アイスクリ−ムの歴史って?

中国では紀元前1100年の昔から氷を食物の保存に利用し、氷室を作って夏の間も冬の氷を貯蔵していました。ローマでは、皇帝たちがワインを冷やすためにアルプスからはるばる氷を運ばせ、わらを厚く敷きつめた下に保存しましたし、インドのムガール帝国の支配者たちはヒマラヤ山脈の氷や万年雪をデリーに運ばせたといいます。また16世紀のトルコには、シャーベット(この場合はフルーツドリンクのこと)を薄めるために使う氷雪を詰込んだ地下貯蔵庫があったという、旅行者の記録が残っています。スルタンの宮廷では、デザートとして、凍らせた果汁を盛ったボールが食卓を飾っていました。
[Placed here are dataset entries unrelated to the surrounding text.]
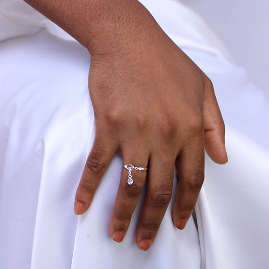 Prix habituelBague réglable en argent sterling avec chaîne en forme de larme et zircone cubique transparent
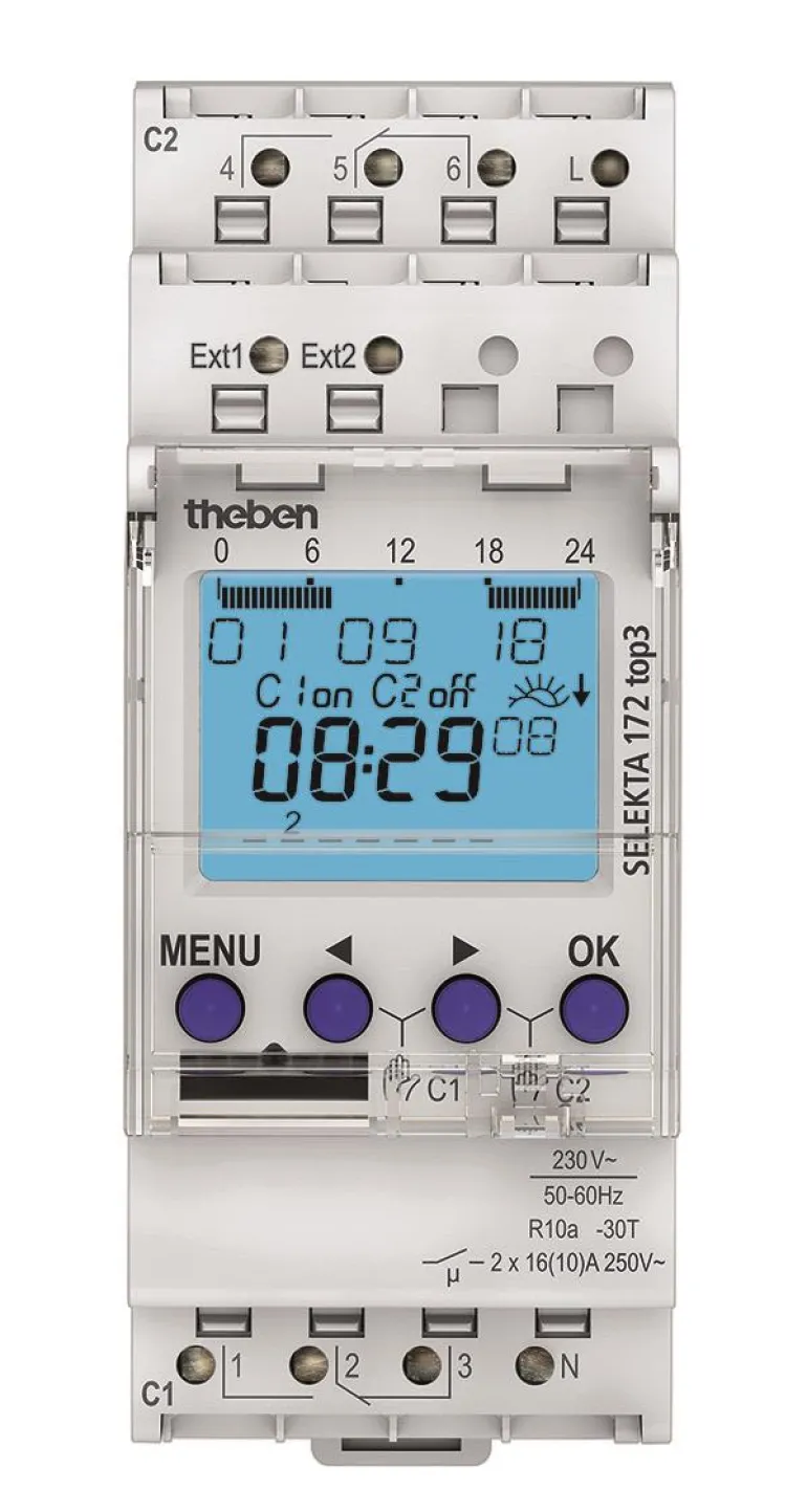 Selekta 172 top3 -astro-kellokytkin viikko-ohjelmalla. 2 kanavaa, 2 ulkoista tuloa. Astro-kellot eivät vaadi ulkoista valotunnistinta, vaan valo syttyy ja sammuu maantieteellisten parametrien, pituus- ja leveysasteiden mukaan. Kello laskee auringon nousun ja laskun maantieteellisen sijainnin perusteella määritellylle sijainnille vuoden kaikille päiville. Tarkoitettu asennettavaksi DIN-kiskoon. Kolme eri mallia yhdellä/kahdella kanavalla astronomisella päivä-/viikko-ohjelmalla. Looginen ja yksinkertainen tekstipohjainen ohjelmointi ja selkeät valikot. Suurikontrastinen selkeä teksti taustavalaistulla näytöllä.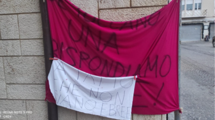 A seguito di alcune manifestazioni in difesa sulle donne, in piazza a Fano è stato esposto un drappo recitante: «Se toccano una rispondiamo tutte». Venerdì mattina è stato esposto da ignoti un secondo drappo a completare lo slogan, recitante la seguente frase carica d’odio: «A patto che non siano ebree», in contrasto con la violenza che molte donne israeliane hanno subito il 7 ottobre 2023 ad opera dei terroristi di Hamas.

 ですが、現在私達が『アイス』と呼んでいるような氷菓子を発明したのはイタリア人だったようです。イタリアでは17世紀初めに人工的なフリージングが始まりました。熱した牛乳をさまして作ったクリームに甘味をつけ、ピューレ状の果物やジャムで風味を加え、スズのアイス用のつぼにいれてわらで包み、氷と塩と硝石を口までいれたバケツに沈めておいたのです。
17世紀の中ごろになると、アイスはヴェルサイユ宮殿に伝わり、そこからヨーロッパ各地の宮廷へと広まっていきました。当時のアイスは高価な食べ物で、一般の人の手に届くようなものではありませんでした。しかし、17世紀も終わりごろになると、飲料販売人のギルドが作るオー・グラセ(氷菓子の一種)やネージュ(カキ氷)がパリに当世風のカフェで売られるようになりました。
イギリスでは、田舎の屋敷の敷地内に貯氷庫が建てられ、続いてアイスクリームが作られはじめました。イギリス人は最初フランス本の翻訳を通してアイスクリーム作りを知りました。『イールズ夫人の料理集』(1718年)には最も初期のイギリスのレシピが出ています。1751年にはハンナ・グラスが自署『シンプルで簡単な料理法』にアイス(白目<スズを主成分とする鉛などの合金>の鉢の中で凍らせながらかき混ぜるというもの>を加えました。後世の本にはフローズン・ムース、アイスクリーム、ウォーターアイス(水、砂糖、果汁などを混ぜて凍らせたもの。シャーベットはウォーターアイスの一種)の手のこんだレシピがいろいろ登場しています。一方、フランス人はウォーターアイスにこだわりつづけ、この手のアイスがすたれることはありませんでした。新たに、『ソルベティエール』と呼ばれる、中身が凍結するまで回転する仕組みの型が開発され、装飾的な型抜きアイスが非常に流行しました。こうしたアイスはまずソルベティエールを使って作られ、次に氷と塩の中にいれるやり方に移ってきました。
 アメリカでは、18世紀も終わりにさしかかったころ、ウォーターアイスよりむしろアイスクリームがもてはやされるようになりました。ジョージ・ワシントンはアイスクリームメーカーを所有するほどで、第3代大統領トマス・ジェファーソンは、アイスクリームの上にメレンゲの層をつくり、オーブンで焼いた『びっくりオムレツ』を客にだしています。1846年に手回しアイスクリーム・フリーザー(主婦ナンシー・ジョンソンの発明)が発明されるまでは、アイス作りは難しい仕事でした。しかし、その後アイスクリームの製造販売はブームになり、アメリカは世界一のアイスクリーム大国になっていきます。
 現在ではアイスは世界中で親しまれています。凍らせて食べるこの製法の素材は無限といってもよいでしょう。